You are probably better informed than your vet when it comes to the better foods for Vivian. Vets are given a very short course in pet nutrition when they do their training and quite often that course is given/sponsored by the pet food companies.

I know how hard it is to transition kitties off of dry. When I stated making my own food 8 years ago I was lucky with Tuxie...he had never eaten dry, but his sister Maxie was a dry food addict. It took me months to get her to eat my home-made. Even now if given the choice between wet and dry, Maxie would easily choose the dry. Funny how it goes...Tuxie never ate dry in his life and yet he was the one who ended up with diabetes!! Go figure!!!
 
From reading your other posts I think you are using Evo dry food. Although it is not as bad as some other dry foods it is still higher in carbs than a diabetic cat should have.
As long as it is EVO Cat and Kitten, it is one of the few dry foods that is not higher carbs than recommended for diabetics. We on the board just don't recommend and dry food for diabetics if possible. If a caregiver needs to feed a dry EVO is one that is recommended.

Vivian can go to 0.1U 2X per day if you think that the 0.25U is too much. Often that drop from 0.25U to nothing can be too much for a cat to handle. To measure 0.1U I pull back a little extra in my syringe, then push out so that my plunger is just barely touchs the 0 line. There will be insulin between the 0 line and the needle. Others use calipers to measure, I am not so patient :smuggrin:
 
Didn't hear from vet or anyone here before insulin time, so gave Vivian as close as I could come to .15U last night and (I am away overnight) she was given the same this a.m.
Pushing food at +3 hours to avoid low numbers at +4
Will continue .15U, transitioning foods to decrease carb intake as she tolerates, tapering pred slowly to the extent she tolerates, testing BG when I can -
Feeling a little out there on my own but that I have learned enough in the past few weeks to safely get Vivian to remission, if that is in the cards.
Tight regulation/low and slow? Yes I follow guidelines to extent they make sense for Vivian and for me. These two protocols are at odds with each other in places,
but I generally get it.
Thanks for tip Melanie, it is consistent with what I ended up deciding for Vivian.
 
Sounds like she may have steroid-induced diabetes. My cat Marshmallow got that after a shot of steroids. But it's great that you've been able to reduce the Lantus that much! Hopefully after she's off the pred and fully transitioned to Evo, she may be able to go OTJ.

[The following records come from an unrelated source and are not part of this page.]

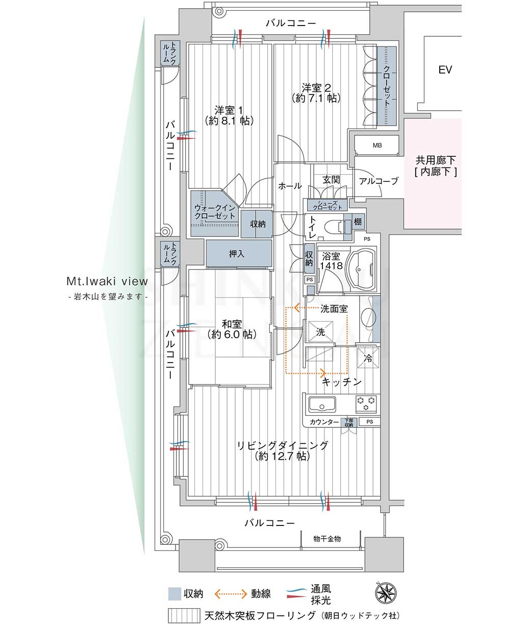 - 三面をバルコニーに囲まれており、西面方向に岩木山を望みます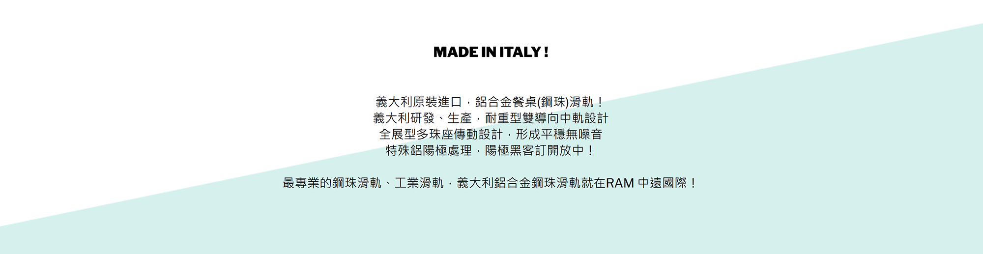 RAM INDUSTRIE 義大利研發、製造,耐重鋁合金餐桌滑軌,鋼珠傳動系統搭配PVC珠座,靜音耐用!義大利特殊陽極處理,表面光滑耐磨,全展開80kgs載重實木桌也輕鬆無負擔。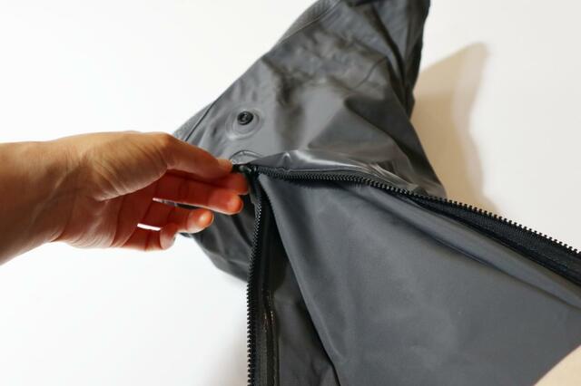 サイドジップ仕様で、着脱もすごくカンタン。ジップ部分は生地が二重になっているので、雨が染み込むこともなさそう。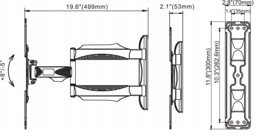 Uchwyt posiada dwa rozkładane ramię, dzięki czemu możliwa jest regulacja odległości telewizora od ściany, a dodatkowo, uchwyt umożliwia regulację położenia urządzenia w trzech płaszczyznach.
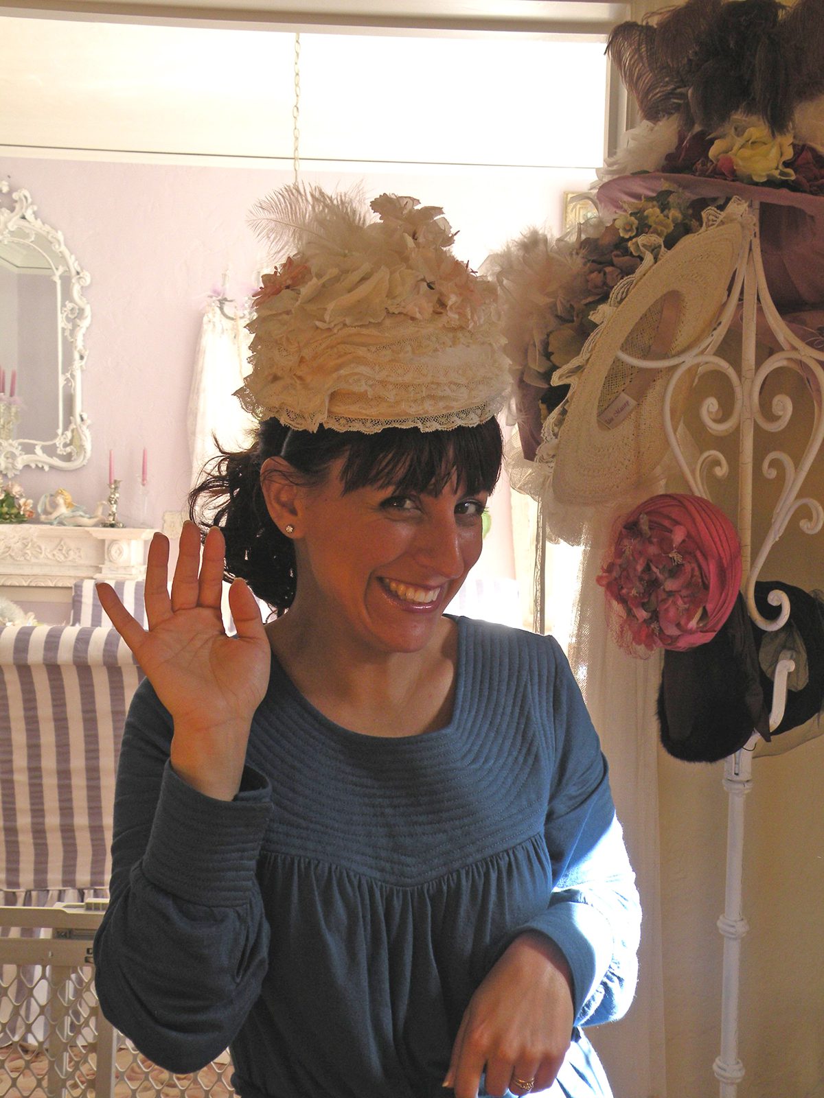 There's a new girl in town and her name is NATASHA!!!!!!!!!!!!!!!!!!! She comes from the land down UNDER!!! hee! hee! ๐ Yes! Miss Natasha had FINALLY arrived in the States and is visiting little ole me! After months and months of planning this trip it's SO surreal to finally see her in person. We of course had happy tears when we met at the airport. Just a flood of happy emotions. Natasha is sooo ADORABLE & CUTE in person and just full of fun, spunk, and energy! Look how adorable she is modeling the hat I purchased from Miss Heather.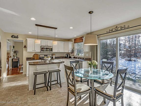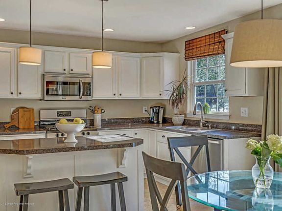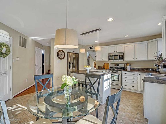 Welcome to 1 Teakwood Lane, the perfect blend of gracious living and design perfection! The home features a spacious bright and airy two-story foyer. The home boasts a formal dining and living room perfect for entertaining. The eat-in kitchen is complete with a center island, recess lighting, and a breakfast area. Over-looking the kitchen is a cozy family room. The downstairs is complete with a half bathroom, laundry room and large pantry. The upstairs features 4 bedrooms and 2 full bathrooms. The master bedroom features a walk-in closet, and an ensuite with dual sinks, a soaking tub and shower. The finished basement has high ceilings and recess lighting and includes storage space, ideal for a playroom or bar. The back yard has a large patio with brick pavers, perfect for summer days!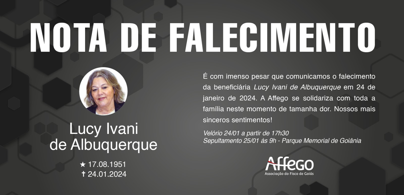 É com imenso pesar que comunicamos o falecimento da beneficiária Lucy Ivani de Albuquerque, em 24 de janeiro de 2024. A Affego se solidariza com toda a família neste momento de tamanha dor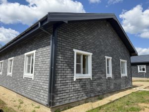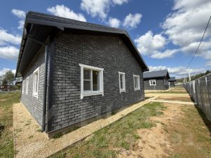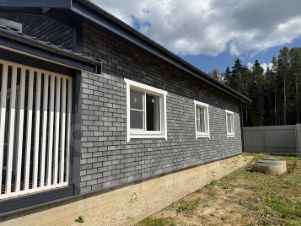 Отделка наружная: фасадная плитка Hauberk. Отделка внутренняя: покрашенная имитация бруса. Полы: ламинат. Крыша: металлочерепица (установлены водостоки, сделана вентиляция). Стеклопакеты: поворотно-откидные двухкамерные стеклопакеты с москитными сетками.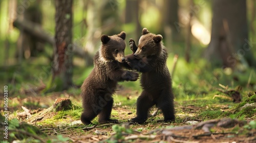 © Berkah, Fototapeta premium Two young brown bear cub in the fores.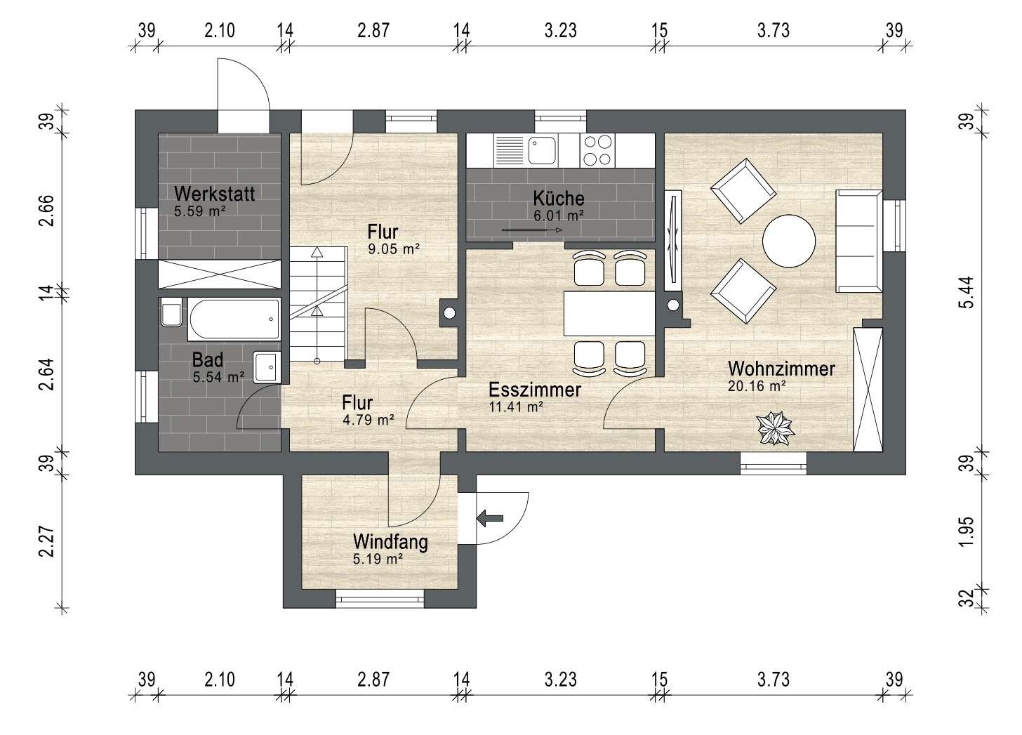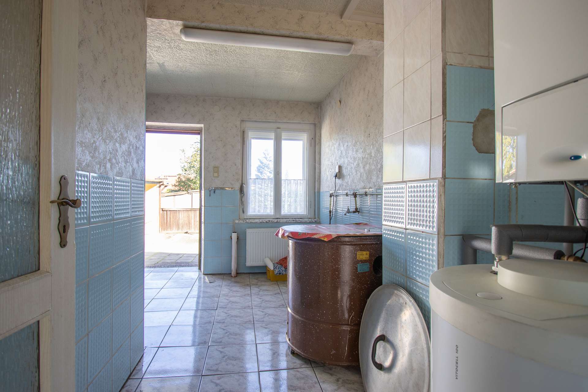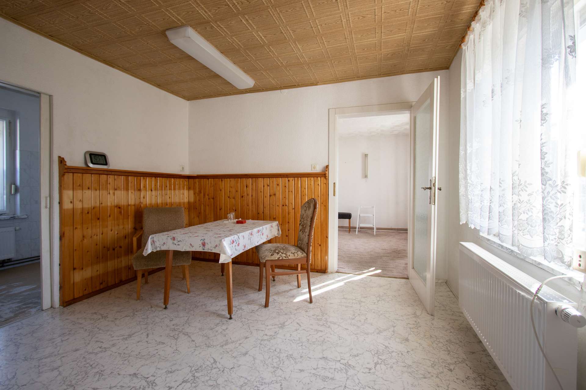 Das Haus betritt man über den angebauten Windfang, der aufgrund des großen Fensters einen hellen und einladenden Eingangsbereich bietet. Der Windfang ist gleichzeitig auch ein praktischer Platz für die Garderobe und Schuhschrank. Im Erdgeschoss befindet die zweckmäßig geschnittene Küche mit dem direkt angrenzenden Esszimmer, welches den Durchgang zum geräumigen Wohnzimmer darstellt. Das Wohnzimmer überzeugt ebenfalls mit sehr guten Lichtverhältnissen aufgrund der großen Fenster in Richtung Osten und Süden. Das Badezimmer wurde in den 90er Jahren saniert und ist mit einer Badewanne, WC und Waschbecken ausgestattet. Bei Bedarf wäre eine Vergrößerung des Badezimmers unter Einbeziehung des angrenzenden Werkstattraumes möglich.

I think Marshmallow has IBD and several people here mentioned I could put her on budesonide instead of prenisolone. Apparently it won't raise her BG. That might be worth discussing with your vet if she doesn't do well after you stop the pred. Good luck!
 
Vivian's diabetes most likely is pred induced. My understanding of budesonide is that it is less likely to cause diabetes because is works directly on the intestine and not systemically.
I have mentioned it to my primary vet in an email, but neither she nor the internal med specialist have recommended it, in fact they recommended chlorambucil. I think any time a cat presents with diabetes, any steroid is not advisable if you can avoid it, it can cause side effects similar to pred, and I understand it is very expensive. That said, if the cat is in need of something for inflammation, and you can afford it, budesonide may be your best option. It would be interesting to hear what your vet has to say about the idea.
 
Chlorambucil pills are very expensive. You can get chlorambucil compounded into capsules or even a liquid and it is a lot less expensive. Pharmacies that do that include Roadrunner and Diamondback.
 
Yes Vivian takes 1.8 mg capsules compounded generic chlorambucil, which is considerably less expensive than brand name chlorambucil, called Leukeran. It's nuts - $11 or $12 per pill - and you can't have generic chlorambucil compounded into 2 mg capsules b/c that's the dose Leukeran sells. So you have to get random doses like 1.8 mg or 2.2 mg for tons less $$ - crazy.